DeathAndPain wrote:
#1: Where should you make the decisions about the remaining things we want control over
Both at empire and planetary level, I suggest. Leave the decision to the player. In the early game, when you have only 2 or 3 planets, you want to squeeze the optimum out of them and full control on the micromanagement level (which is already reduced by the fact that we are degenerating buildings into a infrastructiometer). Later on with growing empire size, you will not be able to control every single planet, so you issue your orders on the imperial level and the CPU assigns them to planetary queues. You may, however, have a few "favourite" planets that you feel worthy of keeping your continued personal attention (e.g. your home world).
I'll just rehash the argument against that option (of both options simultaneously) : in a competitive context (multiplayer, overwhelming cheating AI), enabling micromanagement effectively force the player to do micromanagement, else he won't as efficient as he can be (hence being at a disadvantage).
So, while having both option may provide the most fun factor (empowering the player while not forcing him to do the chore of micromanagement), it is always a losing strategy to neglect micromanagement when you can do it.
DeathAndPain wrote:
Absolutely no!
A friendly advice, don't be so vindicative. Readers will assume you are upset and will stop reading carefully. Then they will "read between the lines" lots of things you never meant and give you a bad reputation. From there it will spiral up to the point where they won't even read you post, just reply to the sub-text they interpreted the last time they read what you wrote.
Try donning an affable composure, you will certainly be more successful than trying to shake those you don't agree with using short exclamations.

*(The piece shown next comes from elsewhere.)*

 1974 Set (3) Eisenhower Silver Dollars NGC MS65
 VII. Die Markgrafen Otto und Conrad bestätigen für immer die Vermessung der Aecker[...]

Mind I'm not implying your post could be summed up with this short exclamation.
DeathAndPain wrote:
While avoiding excessive micromanagement is a noble goal, we should make sure we do not reduce the game to a primitive level. The game must have its complexity, particularly since only complexity allows different valid choices, so our goal must not be to take away complexity, but to make it manageable.
It is all a question of priority, preference and democracy. Right now, the abstration flavour is all the rage.
DeathAndPain wrote:
I think we should adopt a good idea from MoO2: "rally" lanes. Have your ships produced at a certain planet, and that is where it pops up when it is complete. You preset MoO2-type rally lanes that immediately send the new ship to a planet of your choice (so that you need not micro every new ship). You will normally direct most of your output to one planet where you rally your new ships in order to form a fleet. You can, however, decide to have two or three rally points in order to defend key spots or create multiple attacking armies.
I think this falls into my idea of macrotool that I'm currently pushing (this use case would use ship order before creation and maybe multiple destinations).
http://www.freeorion.org/forum/viewtopic.php?t=733DeathAndPain wrote:
Everything else does not make much sense anyway. A ship is not an abstract thing; it must be produced somewhere, even if distant planets help by supplying pre-mounted parts or sending workers and equipment. And I do not see why a ship that has been produced at the most distant edge of your empire should pop up at the other edge of your empire once it has been completed, but has to travel normally afterwards if for some reason it desires to fly back to its origin.
It seems to me that you definition of "making sense" rely on a realistic element. While I value reality as a coherent and intuitive system, here reality alone is deemed "irrelevant" (as Aquitaine put it, "the proper phrasing would be 'it's realistic, so it's irrelevant.'") There is surprising strategical consequences to global production, but throwing global production away may not be the only solution. Wait and see.
DeathAndPain wrote:
Rally paths will normally lead across your own systems. If your systems are torn apart by an invader attacking a system in-between, then it is time for manual intervention. It is the task of the imperator (that is you) to react to invasions appropiately. If your routes are attacked, it is an obvious reaction to redefine rally spots for isolated systems. If you want to automate that as well, then you can as well automate the whole game, in other words, players become superfluous.
Repeating myself: I'm wary that with an abstracted model, detection of such situations (empire thorn apart) will be up to more or less coherent detection algorithm. Then, the details of the situation (that the imperator should strive to resolve) will be determined by other more of less coherent algorithm.
DeathAndPain wrote:
A good interface can include the ability to select multiple systems with the mouse (dragging up a selection box similar to those you use when you want to scan an image and select the important part to scan from the preview), and then assign a safety classification to all selected systems at once. That will help you to update classifications as needed with only a few clicks.
It seems to me that classification and topology are closely related to
groupsDeathAndPain wrote:
What is KISS?
Keep it simple, stupid. It's a rule of thumb to avoid overly complex system (complexity beyond what is required be interesting). IMO, it's become a mighty powerful stick around here, but it does keep risky and time/effort consuming features from creeping into the project.
EDIT: well, you should know about KISS now. I'm eager to see how drek will address your concerns, as I share a lot with you.